* _Work instruction_
The task for the listing below is to write out exactly the lines starting at the one containing "Made with marine-grade" and ending at the one containing "ARTISTA DEL XVII", both included. Pictures are to be omitted.

* _Provided entries_

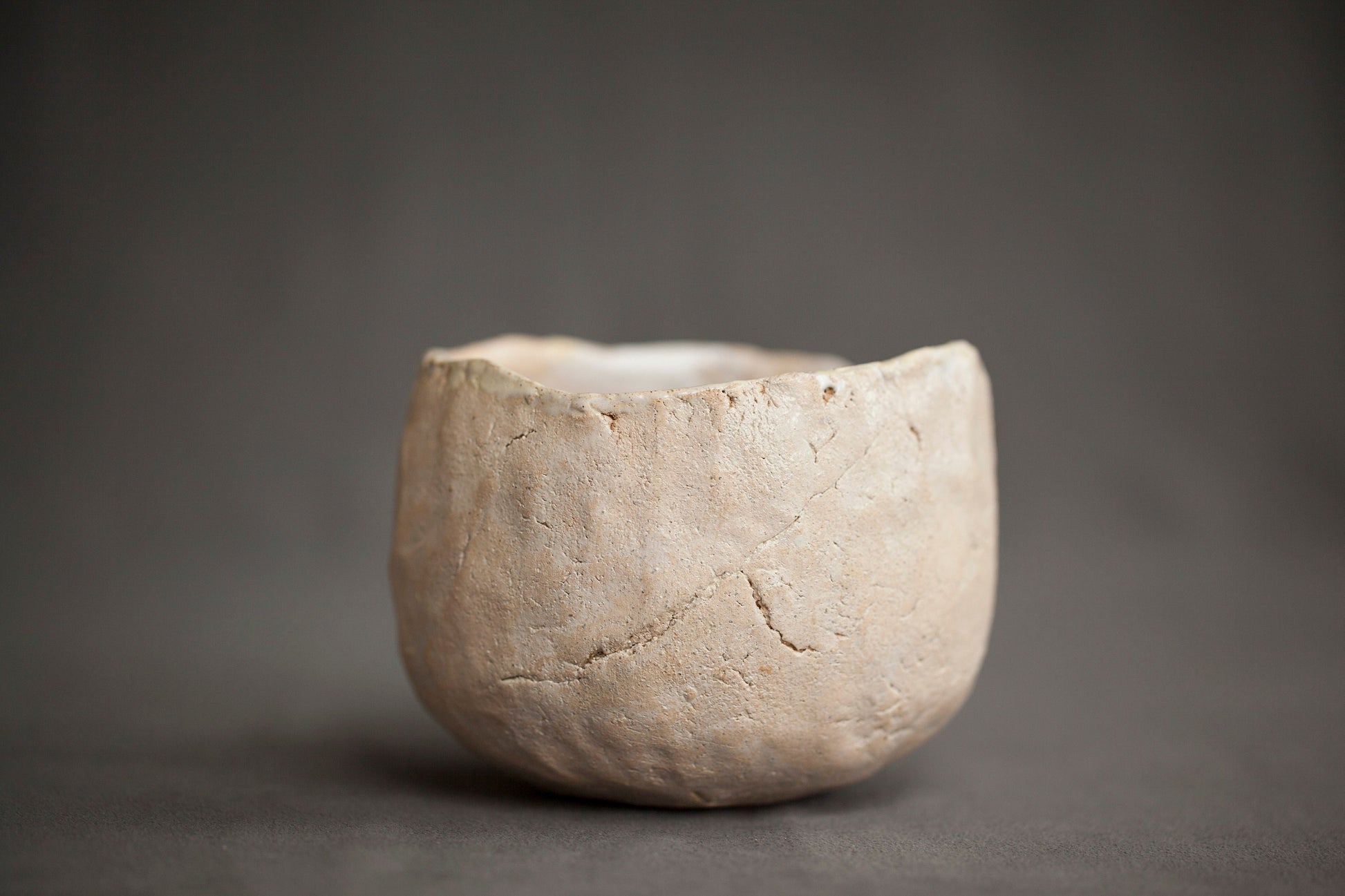 This tea bowl is unique. Its shape was created only by hands (Hand formed). Only hands, clay and iron or wood scraper.
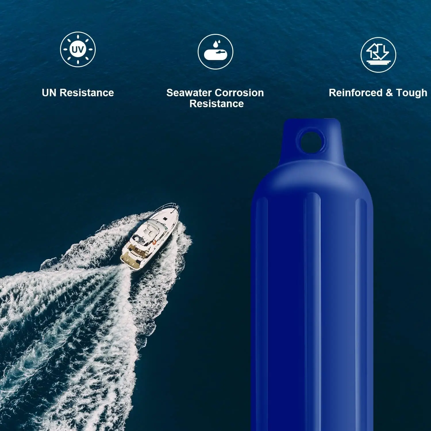 Made with marine-grade PVC, features shock resistance, anti-corrosion and UV resistance.Protecting boats from damage caused by heavy collision between hard surfaces, especially when the boat speeds into the shore or even when two boats collide accidentally.
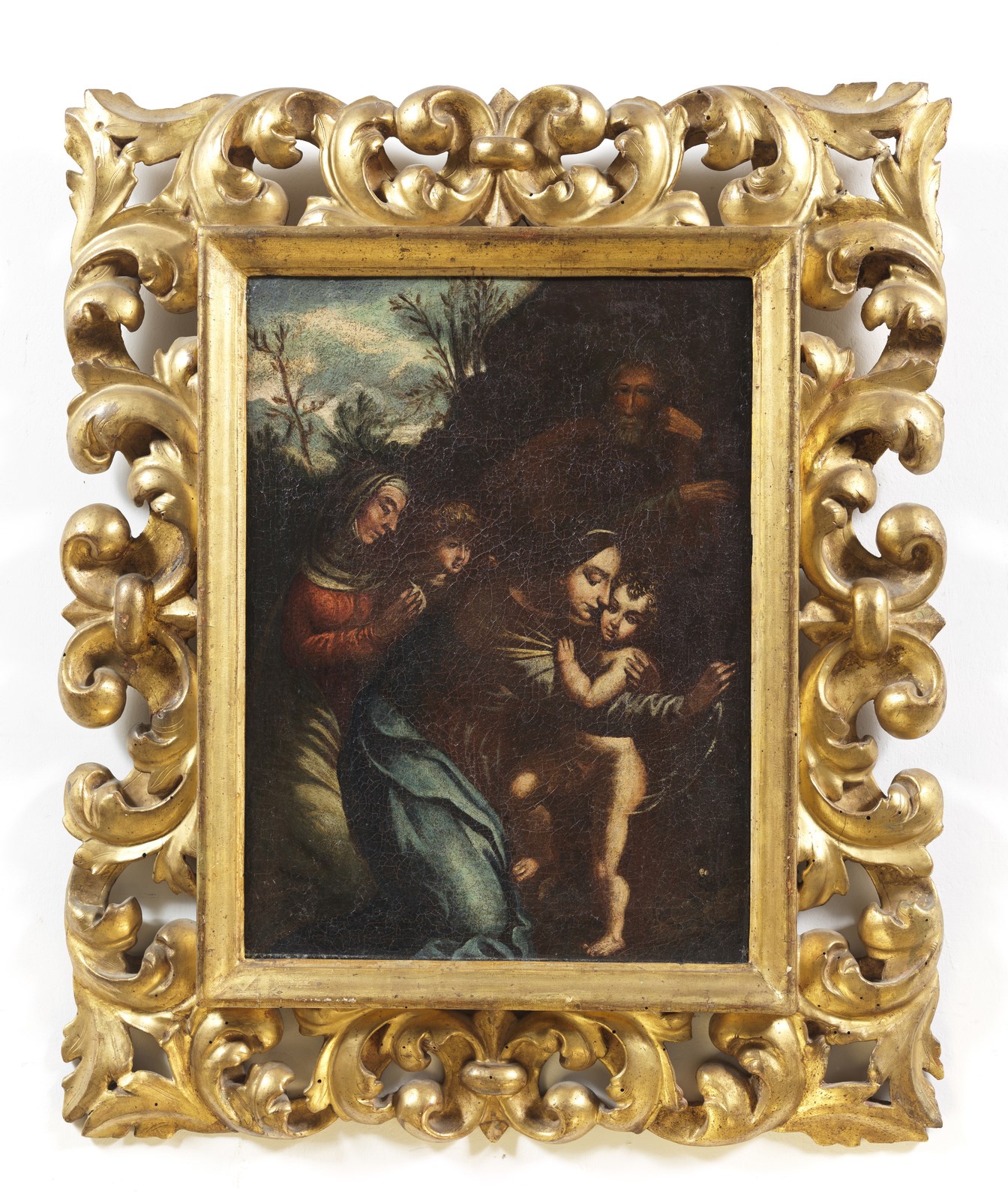 ARTISTA DEL XVII SECOLO Madonna con bambino, San Giuseppe, San Giovannino e Santa Elisabetta. . Olio su tela . Cm 29,00 x 39,50. . Cornice presente
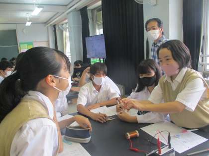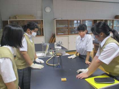 6組 理科の実験、ポップコーンのはじける大きな音にも動じない理科好きな生徒の皆さん。
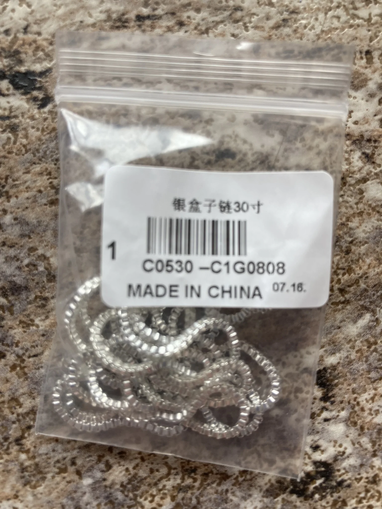 Très belle chaine. 18 inch, 45 cm, c'est juste si le cou est un peu large. reçu avec Aliexpress shipping en 12 jours.

* _Output of the task_
 Made with marine-grade PVC, features shock resistance, anti-corrosion and UV resistance.Protecting boats from damage caused by heavy collision between hard surfaces, especially when the boat speeds into the shore or even when two boats collide accidentally.
 ARTISTA DEL XVII SECOLO Madonna con bambino, San Giuseppe, San Giovannino e Santa Elisabetta. . Olio su tela . Cm 29,00 x 39,50. . Cornice presente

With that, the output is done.